Interpretation of the initial results

The observed difference between \(S_{opt}\), \(S_{mc}\) and \(S_{dc}\) is explained in [12] by the fact that goal-directed generation algorithms exploit bias in the scoring function, defined as the presence of features that yield a high \(S_{opt}\) but do not generalize to \(S_{mc}\) and \(S_{dc}\) . The first case (high \(S_{opt}\) and low \(S_{mc}\)) is referred to as exploiting model-specific biases. Indeed, \(S_{opt}\) and \(S_{mc}\) are scores given by two classifiers trained on the same data (only the model differs, through the choice of a different random seed). A molecule with a high \(S_{opt}\) and low \(S_{mc}\) therefore must exploit features that are specific to the exact model \(C_{opt}\) and not shared by \(C_{mc}\), even though those models were trained on the same data. Conversely, the second case (high \(S_{opt}\) and low \(S_{dc}\)) is referred to as exploiting data specific biases. The authors interpret this as a failure of the goal-directed generation procedure: “there is a mismatch between optimization scores and data control scores, which shows that the optimization procedure suffers from model and/or data specific biases”. This interpretation is further supported by the fact that the difference between optimization and control scores grows over time during goal-directed generation.

Formally, we can view a dataset of molecules and associated bioactivities as a sample \((X_i, y_i), i \in [\![1;n]\!] \sim P\), where \((X_i, y_i)\) denote a molecule and its associated bioactivity, and P is the distribution of the dataset. Most classifiers return a decision function or a confidence score \(S_{classifier}(x)\), that can be used as scoring functions when searching for novel active compounds using goal-directed generation algorithms. This is achieved by maximizing \(S_{classifier}(x)\), through optimization techniques or reinforcement learning.
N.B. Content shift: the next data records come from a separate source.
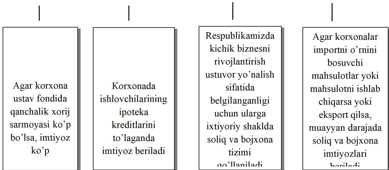
1-rasm. Soliq va bojxona imtiyozlarini belgilash mezonlari 1

1-rasmdan ko'rishimiz mumkinki, O'zbekiston Respublikasi soliq qonunchiligida soliq imtiyozlarini belgilash muayyan mezonlar asosida amalga oshirilgan. Soliq imtiyozlarini soliq to'lovchilarning investitsion mavqeyiga, ularning sotsial-ijtimoiy holatiga, respublikamizda qaysi sohani rivojlantirish ustuvorligiga, soliq to'lovchilarning importni o'rni bosadigan mahsulotlarni ishlab chiqarish darajasiga hamda davlatlar o'rtasidagi xalqaro iqtisodiy munosabatlarga asoslanib belgilangandir. Soliq va bojxona imtiyozlarini mezonlarini to'g'ri obyektiv aniqlash iqtisodiyotning adolatlilik tamoyili ifodasi sifatida yuzaga chiqadi.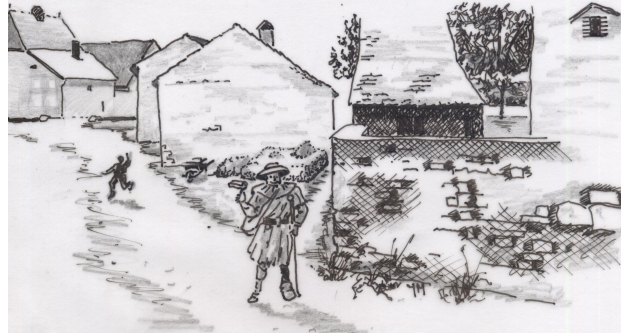
Le sentier des Ladres, au bord de la propriété du Château, au bas de la rue des Prés.

Il serait curieux de savoir au moyen de quelles ressources fonctionnait cet hospice et combien de temps, il resta debout. Il est probable, que lorsque la maladie de la lèpre cessa, les habitations qui devaient être bien modestes, furent abandonnées, et qu'il ne fallut pas longtemps, au milieu des troubles des XIV e et XV e siècles, pour que le tout disparût définitivement. Aussi dans les titres les plus anciens où il est fait mention de la maladière , cette dénomination s'applique à un canton de terre labourable sans qu'il ne soit plus question d'aucune espèce d'enceinte ou de bâtisse quelconque. L'existence de cet établissement que constate le nom du terrain où il était construit et que confirme celui du sentier qui l'avoisine, est, pensons-nous, une preuve nouvelle qu'une église d'une certaine importance existait à proximité, puisque l'administration des maladreries était le plus souvent entre les mains du clergé.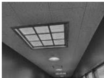
天井からのトップライト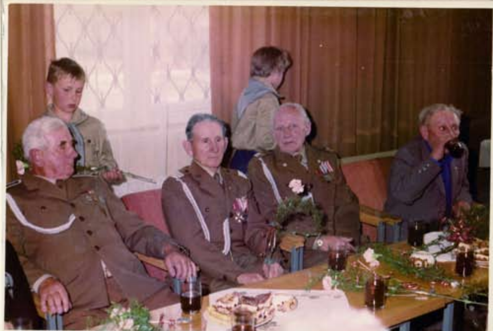
Zaproszeni goście i uczestnicy spotkania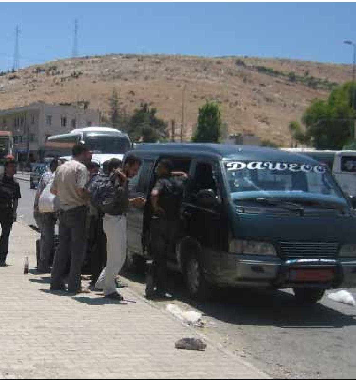
توقف بعض السائقي عن العمل بانتظار عودة الهدوء في سوريا

سائق، فقد طلب منهم هوياتهم الشخصية لمعرفة من أي منطقة في درعا هم. فرد عليهم «أخي درعا المحطة، وإزرع وإنخل وجاسم والصنمين، ما فيكم تدخلوا سوريا حالياً». لم يقنعهم رد السائق، لأن الإعلان الرسمي السوري قال إن الحياة في درعا عادت إلى طبيعتها، فاعتمد العمال الثلاثة أسلوب انتقالهم إلى السوق الحرة، ومن هناك يعبرون إلى الأمن العام لمعرفة ما إذا كان سيسمح لهم بالدخول أو تُطلب منهم العودة.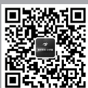
《教学月刊·小学版》 微信公众号二维码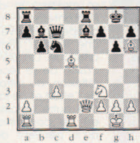
Sacrifice de chasse.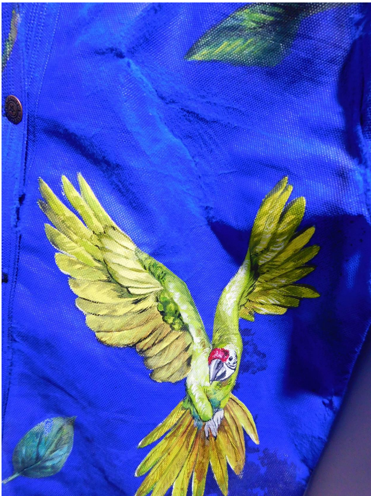
Figura 17: Detalles del Guacamayo militar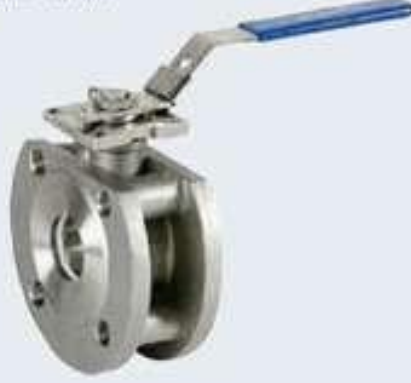
Monoblok Paslanmaz Vanalar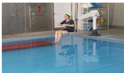
リフトがあるので車イスの方も 安心して利用できます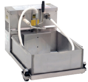
F662A9 FILTRE À SHORTENING

L'acier inoxydable est de calibre 16 à 20.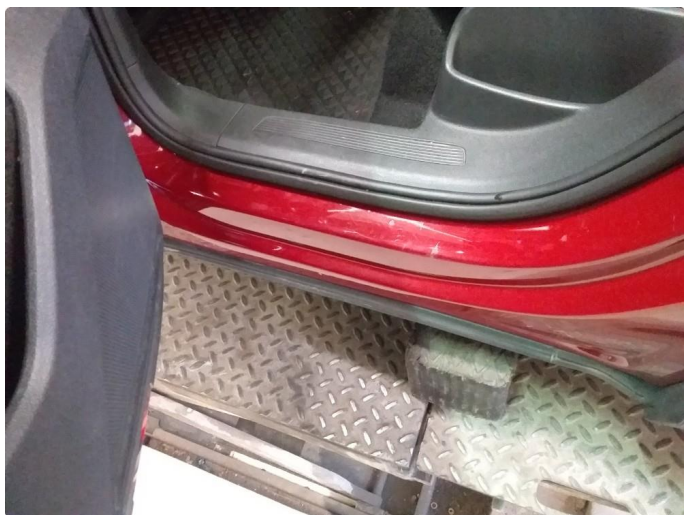
1.4 Noen riper og småbulker

As the three classifiers \(C_{opt}\), \(C_{mc}\) and \(C_{dc}\) model the same property on the same dataset, Renz et al. expect molecules obtained with goal-directed generation to be also predicted active by the classifiers \(C_{mc}\) and \(C_{dc}\), and to have similar control scores as their optimization scores. As \(S_{mc}\) and \(S_{dc}\) are significantly lower than \(S_{opt}\), the conclusion reached is that the molecules generated are predicted active by \(C_{opt}\) for the wrong reasons (the exploitation of biases, a behavior already observed in the machine learning literature [18]) as those predictions do not translate in similar bioactivity models. The intuition behind this conclusion is that features that are true explanatory factors of the output will yield high scores both by the optimization and control models. Therefore, a goal-directed generation algorithm that design molecules with high optimization scores but low control scores could be exploiting spurious features specific only to the optimization model, that will not translate when testing the molecule in a wet-lab experiment [12].
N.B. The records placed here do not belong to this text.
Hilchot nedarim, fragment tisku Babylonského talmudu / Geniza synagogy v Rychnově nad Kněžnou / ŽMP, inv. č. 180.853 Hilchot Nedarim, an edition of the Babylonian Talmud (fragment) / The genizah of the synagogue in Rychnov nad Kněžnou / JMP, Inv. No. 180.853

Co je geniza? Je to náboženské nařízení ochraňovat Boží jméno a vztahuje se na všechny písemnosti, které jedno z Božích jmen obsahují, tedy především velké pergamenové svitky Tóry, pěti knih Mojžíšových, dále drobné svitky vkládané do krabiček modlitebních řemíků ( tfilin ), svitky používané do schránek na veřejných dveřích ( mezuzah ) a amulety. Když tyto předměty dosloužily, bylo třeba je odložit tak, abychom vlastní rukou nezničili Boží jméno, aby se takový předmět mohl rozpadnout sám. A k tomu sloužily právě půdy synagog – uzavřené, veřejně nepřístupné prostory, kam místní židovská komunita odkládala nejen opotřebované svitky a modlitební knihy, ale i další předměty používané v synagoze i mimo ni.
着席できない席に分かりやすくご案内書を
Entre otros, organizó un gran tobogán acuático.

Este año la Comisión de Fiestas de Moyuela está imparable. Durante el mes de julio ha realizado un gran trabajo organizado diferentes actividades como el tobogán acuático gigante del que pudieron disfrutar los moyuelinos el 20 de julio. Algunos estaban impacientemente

This conclusion rests on the unproven assumption that, in the original data distribution P, molecules predicted active with high confidence by the optimization model \(C_{opt}\) are also predicted active with high confidence by the control models. This hypothesis might seem reasonable considering that all three models share the same architecture and are trained to predict the same property on the same data distribution [12]. However, the goal of this work is precisely to test this assumption. Modeling biological properties from chemical structure is a difficult task, especially on the small, noisy and chemically very diverse (see “Methods” section) datasets used in [12]. While the optimization and control models display similar predictive performance metrics (as assessed by the ROC-AUC metric), it does not imply that \(S_{opt}\) will perfectly correlate with control scores \(S_{mc}\) and \(S_{dc}\). It is therefore necessary to validate this assumption in order to assign the failure of goal-directed generation to the goal-directed generation algorithms themselves, and not to the initial difference observed on the data distribution. This requires a comparison of \(S_{opt}\) with \(S_{mc}\) and \(S_{dc}\) on an independent sample of molecules from the initial data distribution P.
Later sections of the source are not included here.